We have presented an analysis of the clinical implementation of a novel auto-contouring workflow. Substantial workflow savings were obtained. The introduction of auto-contouring into the clinical workflow changed the contouring behavior of planners. Automation bias was observed, but it had little deleterious effect on treatment planning.
深度神经网络给自动分割科学带来了变革,并为治疗计划自动化展现出巨大前景。然而,关于临床应用和人为因素的数据却很少。我们评估了一种基于深度学习的新型自动轮廓勾画工作流程在0.35T磁共振成像(MRI)引导的盆腔放射治疗中的性能和临床应用情况,重点关注自动化偏差和工作流程节省的客观指标。
使用源自UNet的架构为0.35T MR图像中的股骨头、膀胱和直肠开发了一个自动轮廓勾画模型。训练数据取自我们机构接受MRI引导放射治疗的75例患者。
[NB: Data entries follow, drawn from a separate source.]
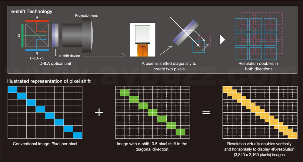 Á¿¨ì JVC¿W¦³ 4K e-Shife §Þ³N¡A¥O 2K 1920¡Ñ 1080 ¸Ñ¹³«×¤j´T¼W¦Ü 3840 x 2160 §Y 4Kªº¸Ñ¹³«×¡C
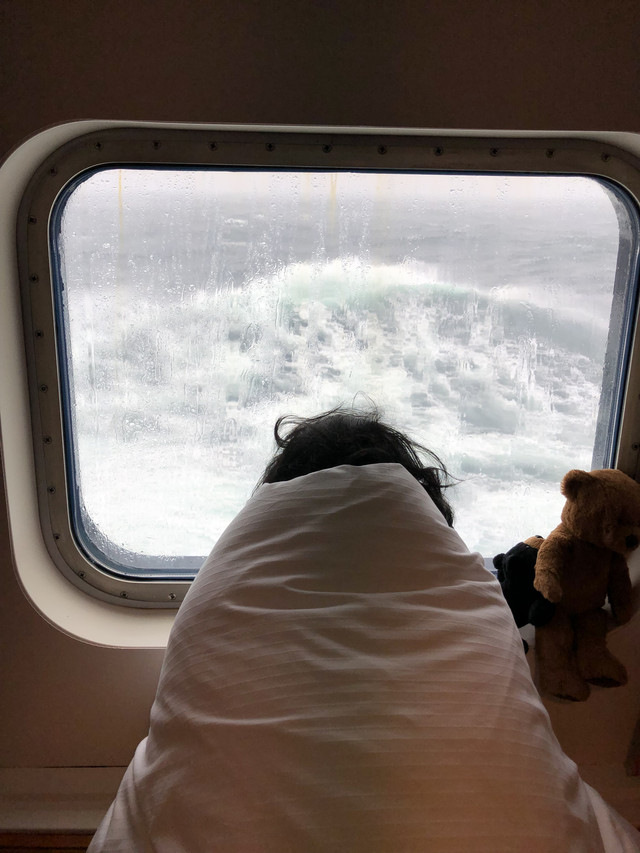 南美洲是距离南极洲最近的大陆,历尽千辛到达了南美洲的最南端后,想要到达南极大陆还需要跨越最后也是最艰难的一道坎-魔鬼德雷克海峡。900公里的宽度伴随着汹涌的海浪与狂暴的西风,轮船需要两天一夜的时间才能穿越。作为船上不晕船的少数派,我还尝试着走到舱外的甲板上,打算绕船一周,最终生怕被吹下去的我只走了不到一半的距离就撤回来了,在大自然面前,人类真的是无比渺小。
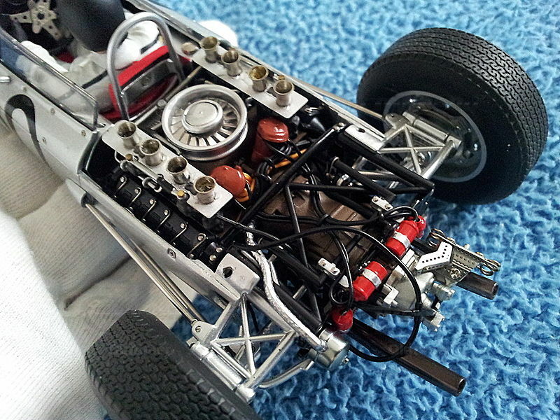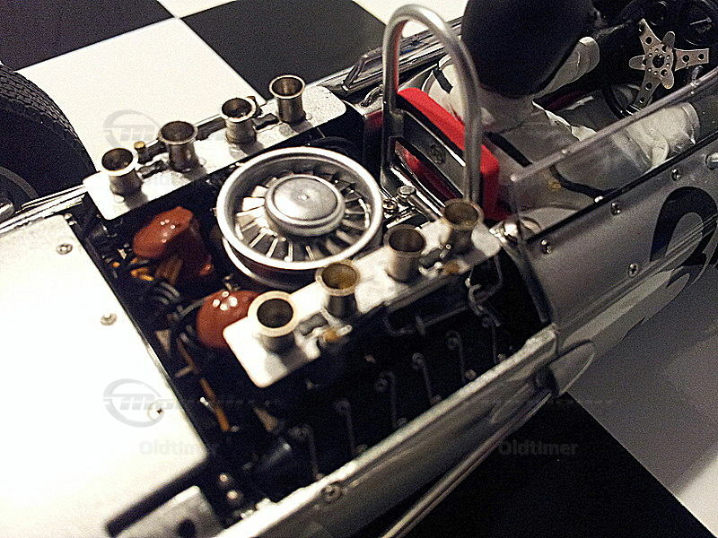 Hervorragend gestaltetes Modell von AUTOart aus der Signature-Serie. Aus fast 500 Einzelteilen wurde eine Miniatur gefertigt die es ohne Weiteres mit Modellen der Firma CMC aufnehmen kann. Selbst kleinste Details sind ausgearbeitet. Alleine die (echten) Schrauben auf der Karosserie sind sehenswert. Der Motor weist eine Vielzahl von Kabeln, Verbindungen und Details auf. Der Ventilator ist drehbar, die Lenkung ebenfalls.
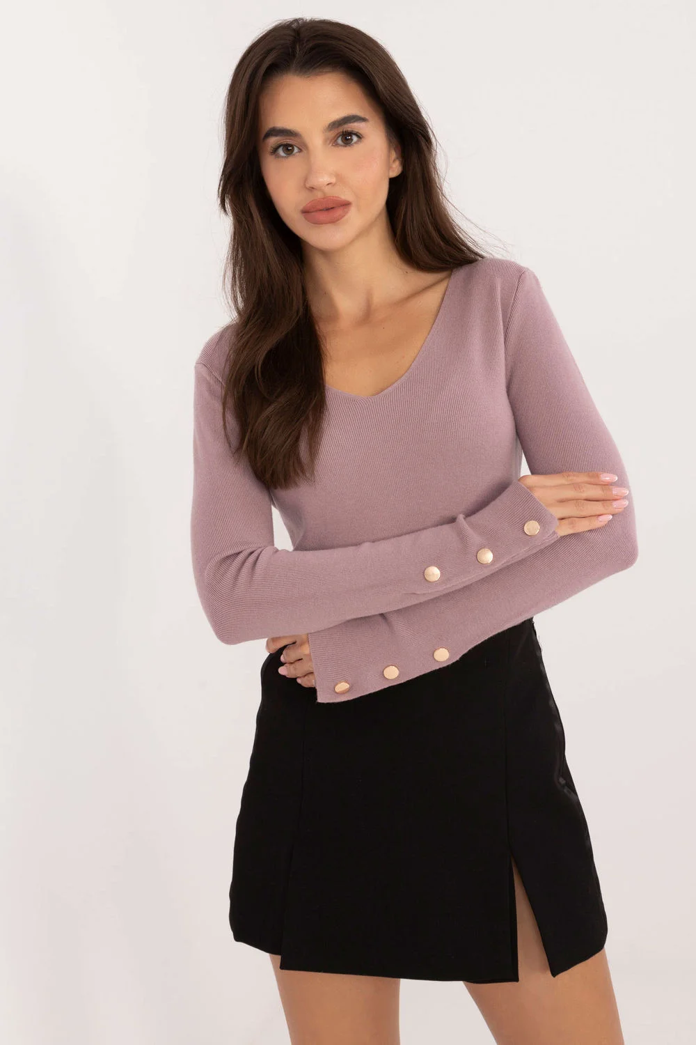 Dámský volný svetr ideální na každodenní nošení i do práce. Vyrobený z vysoké kvality směsi materiálů: viskózy, polyamidu a polyesteru, který zaručuje pohodlí a odolnost. Hladký vzor a klasická délka dělají z tohoto svetru univerzální kousek oblečení. Svetr má dlouhý rukáv zakončený ozdobnými knoflíčky na zápěstích, které dodávají jemný elegantní akcent. Výstřih ve tvaru písmene V zdůrazňuje krk a dodává celku ženský nádech. Skvělá volba jak do kanceláře, tak na každodenní nošení. Polyamid 22 % Polyester 29 % Viskóza 49 % Velikost Vnitřní délka rukávu Vnější délka rukávu Obvod prsou L/XL53-55 cm63-65 cm91-96 cmS/M49-51 cm59-61 cm82-86 cm
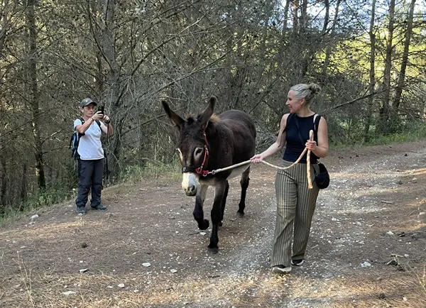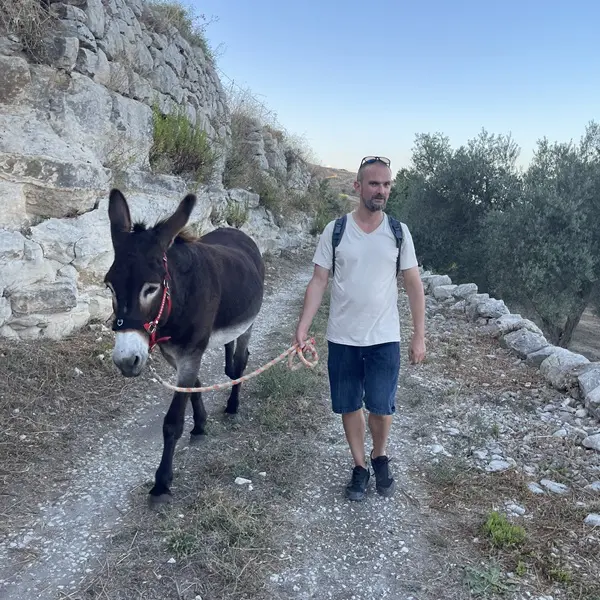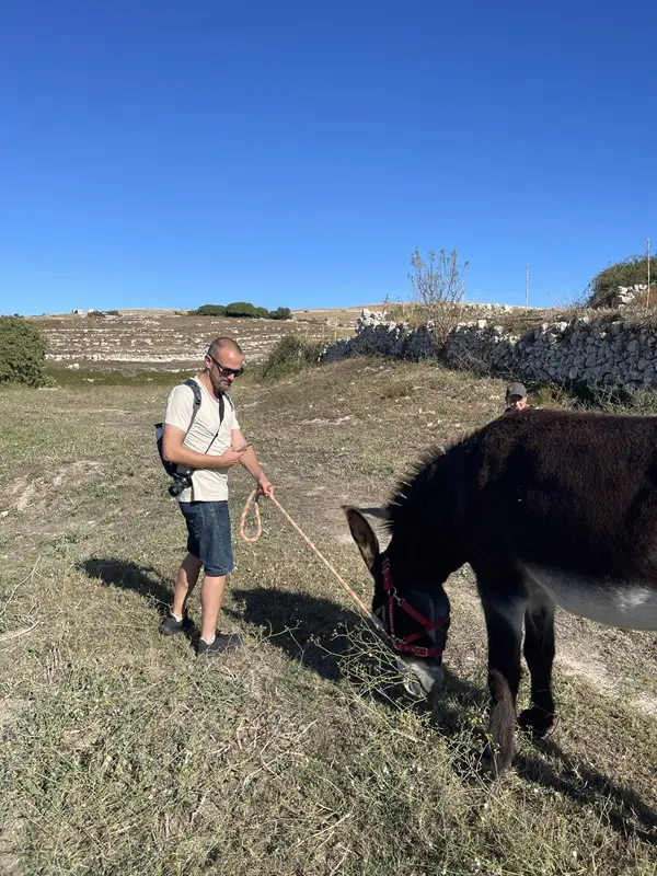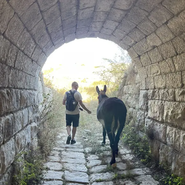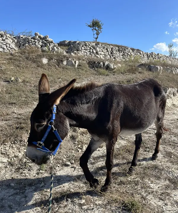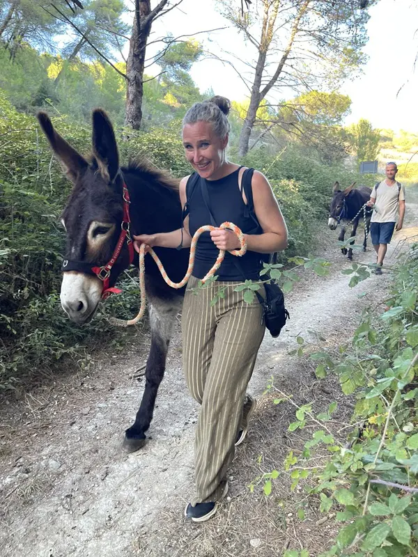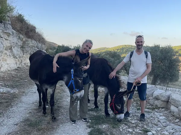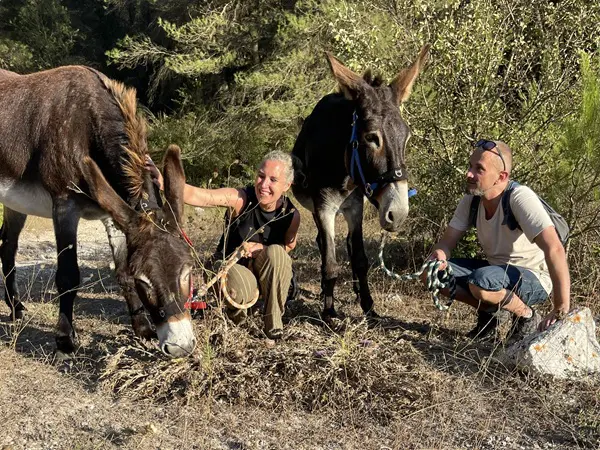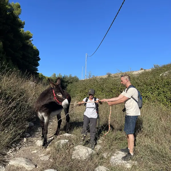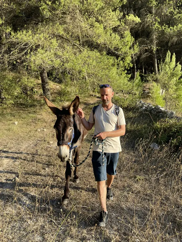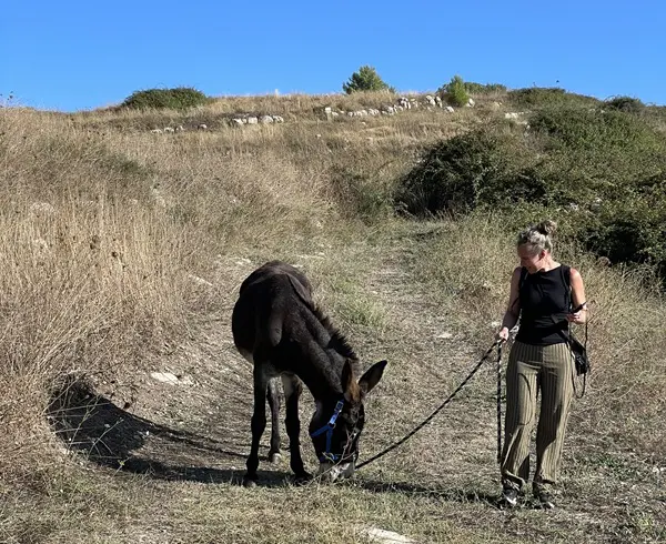 We lopen stilletjes door de velden, in een landschap vol kalkstenen muurtjes, ver weg van de bewoonde wereld. Je hoort alleen het geritsel van dor gras onder de hoeven van de ezels en je schoenen.
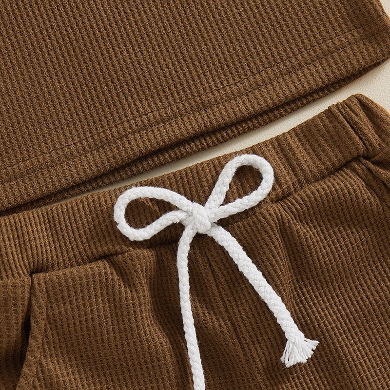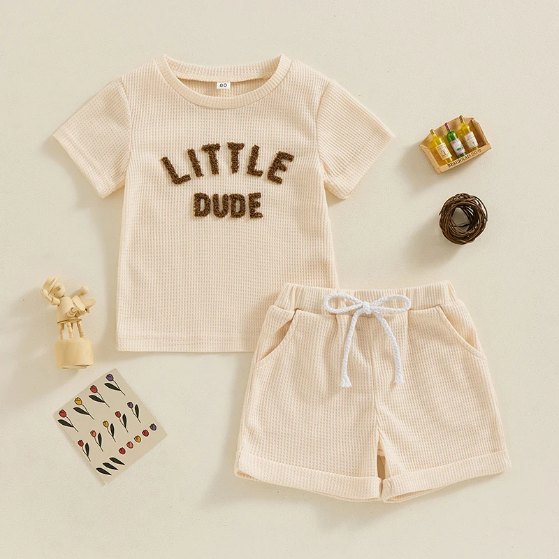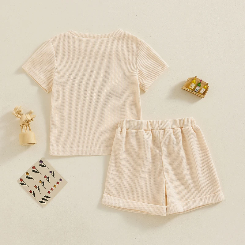 Toddler Baby Boy Summer Clothes Fuzzy Letter Waffle Short Sleeve T-Shirts Tops Elastic Waist Shorts Set Outfit

该模型在训练集之外的20例回顾性病例上进行了测试,随后进行了临床应用。通过计算Dice系数(DSC)、豪斯多夫距离(HD)以及计划者未修改使用的切片比例,对前30例临床病例的可用性进行了评估。由一位经验丰富的计划者对最终轮廓进行回顾性审查,并将偏差的临床意义分为可忽略不计、低、中、高导致可操作剂量学变化的概率。为了评估自动轮廓勾画的使用是否导致最终轮廓与客观标准的一致性更高或更低,三位专家计划者从10例治疗前和10例治疗后的数据中重新手动勾画轮廓,以获得专家共识轮廓(EC)。使用DSC将EC与临床使用的(CU)轮廓进行比较。分别使用学生t检验和莱文统计量来检验均值和标准差差异的统计学显著性。最后,通过比较引入自动化前后EC和CU之间膀胱和直肠最大点剂量的差异,评估轮廓差异的剂量学意义。
回顾性测试数据中,右侧和左侧股骨头、膀胱和直肠的后处理轮廓的中位数(四分位间距)DSC分别为0.92(0.02)、0.92(0.06)、0.93(0.06)、0.87(0.04)。实施后的中位数DSC分别为1.0(0.0)、1.0(0.0)、0.98(0.04)和0.98(0.06)。对于每个器官,计划者未修改使用的切片比例分别为96.2%、95.4%、59.5%和68.21%。EC与实施前CU轮廓之间的DSC,右侧和左侧股骨头、膀胱和直肠分别为0.91(0.05*)、0.91*(0.05*)、0.95(0.04)和0.88(0.04)。实施后CU轮廓的相应DSC为0.93(0.02*)、0.93*(0.01*)、0.96(0.01)和0.85(0.02)(星号表示统计学显著差异)。在对用于计划的轮廓的回顾性审查中,两名患者中总共四个偏差切片被评定为临床意义低。没有偏差被评定为中度或高度。实施前和实施后,EC与CU直肠最大剂量之间的平均差异分别为0.1±2.6 Gy和 -0.9±2.5 Gy。实施前和实施后,EC与CU膀胱/膀胱壁最大剂量之间的平均差异分别为 -0.9±4.1 Gy和0.0±0.6 Gy。根据学生t检验,这些差异无统计学显著性。
我们对一种新型自动轮廓勾画工作流程的临床应用进行了分析。实现了工作流程的大幅节省。将自动轮廓勾画引入临床工作流程改变了计划者的轮廓勾画行为。观察到了自动化偏差,但它对治疗计划几乎没有有害影响。